До сих пор Доронин не спрашивал себя, хорошо или плохо он жил, теперь же, взволнованный разговором с Кочкиными и воспоминаниями о Верке, почувствовал, что жил скверно — не так, как следовало бы жить. Нет, он не подличал, никого не подсиживал — просто жил, надеясь на что-то хорошее, что могло бы в один прекрасный день изменить его жизнь. В душе Доронин продолжал оставаться таким же мечтателем, каким был тридцать лет назад, когда, не послушавшись матери, махнул на Кавказ. Тогда, в молодости, мечта побудила его действовать, пусть неразумно, но все же действовать, теперь же… «Чего мне ждать, на что надеяться, когда виски седые и скоро придется нянчить внука?» — спросил сам себя Доронин.
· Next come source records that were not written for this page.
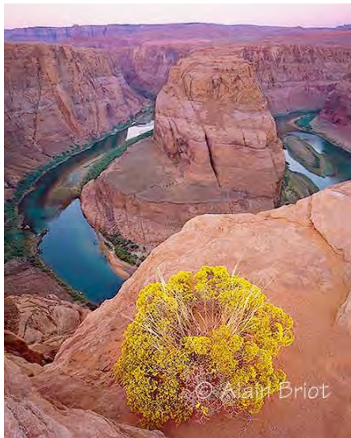
Horseshoe Bend with Flowers

Linhof Master Technica, Schneider 75mm, Provia 100F
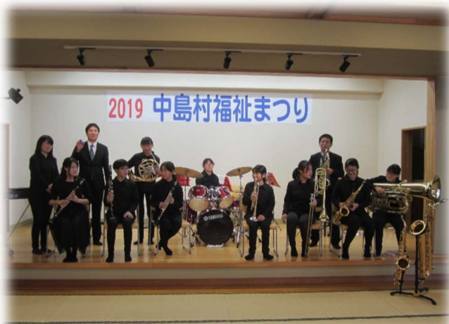
中島中学校吹奏楽部の演奏

中島中学校吹奏楽部の演奏やボランティア団体による日本舞踊、フラダンス、よさこい、太極拳などのステージ、菜の花会による野菜の販売、障がい者施設の作品販売、日赤奉仕団、職員による模擬店、福祉車両の展示、赤い羽根街頭募金等を実施。
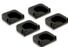
KLEBEFLÄCHEN GERADE 5ER
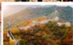
ท่าแพงเมืองจีน ด่านป่าต้าหลิ่ง
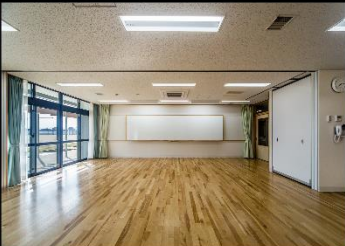
特別活動センター
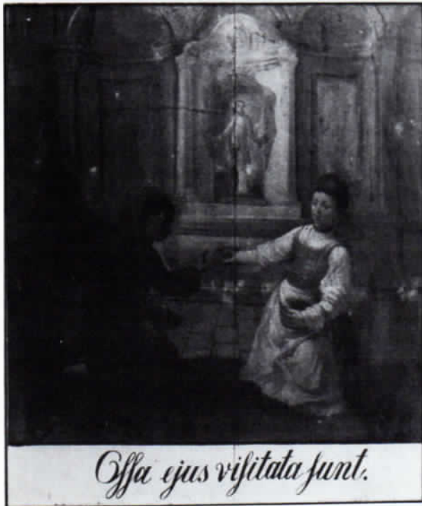
4. Bild: Ein Bauernpaar in Freisinger Tracht entnimmt heilkräftige Erde aus dem Eberhardsgrab.

Es war aber nicht Einbildung, die die Bauern dazu verleitete, die Erde fürs Vieh zu verwenden. Die Erde in Tüntenhausen ist tatsächlich heilkräftig, wie Bodenuntersuchungen einwandfrei ergeben haben. Sie besitzt einen hohen Anteil des Tonminerals Montmorillonit, durch dessen Auswaschung man Bolus alba, also Heilerde, erhält. Sie findet Anwendung bei Kälberruhr und infektiösen Durchfällen von Groß- und Kleinvieh.
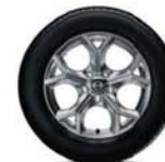
17" hliníková kola
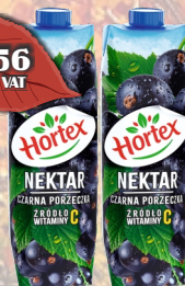
NEKTAR CZARNA PORZECZKA 1L

Он не сомневался: после рождения внука Зинаида Николаевна и Вадим не позволят ему распоряжаться свободным временем по собственному усмотрению. «Заставят пеленки полоскать, коляску возить», — с неприязнью подумал Доронин. Это тотчас родило протест. Душа стремилась обрести независимость, которой не было до сих пор, и Алексей Петрович сказал сам себе: «На старости лет не худо бы пожить так-, как хочется».
В памяти возникла поездка на курорт. Зинаида Николаевна предпочитала отдыхать в Крыму, но в тот год — это было лет десять — двенадцать назад — ему предложили три путевки в Сухуми, и он сразу же согласился. Вначале было какое-то смутное желание побывать там, где он мыкался, искал свою мечту; потом все чаще и чаще стала возникать перед глазами Верка. Он и до этого вспоминал ее, но вспоминал как-то мимолетно, без душевной боли. Теперь же, перед отъездом на курорт, он думал и думал о ней. Зинаида Николаевна несколько раз удивленно приподнимала брови и даже спросила: «Что с тобой?» В ответ Доронин сослался на служебные дела, которых перед отпуском накопилось больше, чем нужно. Почему-то казалось: в Сухуми он обязательно встретится с Веркой, и не где-нибудь, а на базаре, около прилавков с битой птицей. В глубине души Доронин сознавал: такого не может быть, но продолжал думать о встрече с Веркой — это доставляло ему удовольствие, возвращало его в прежнее, уже полузабытое время. Всю предшествующую отъезду неделю он провел в лихорадочном ожидании какой-то радости, во всем соглашался с женой, помогал ей по хозяйству, стал, как пошутила она, образцово-показательным мужем.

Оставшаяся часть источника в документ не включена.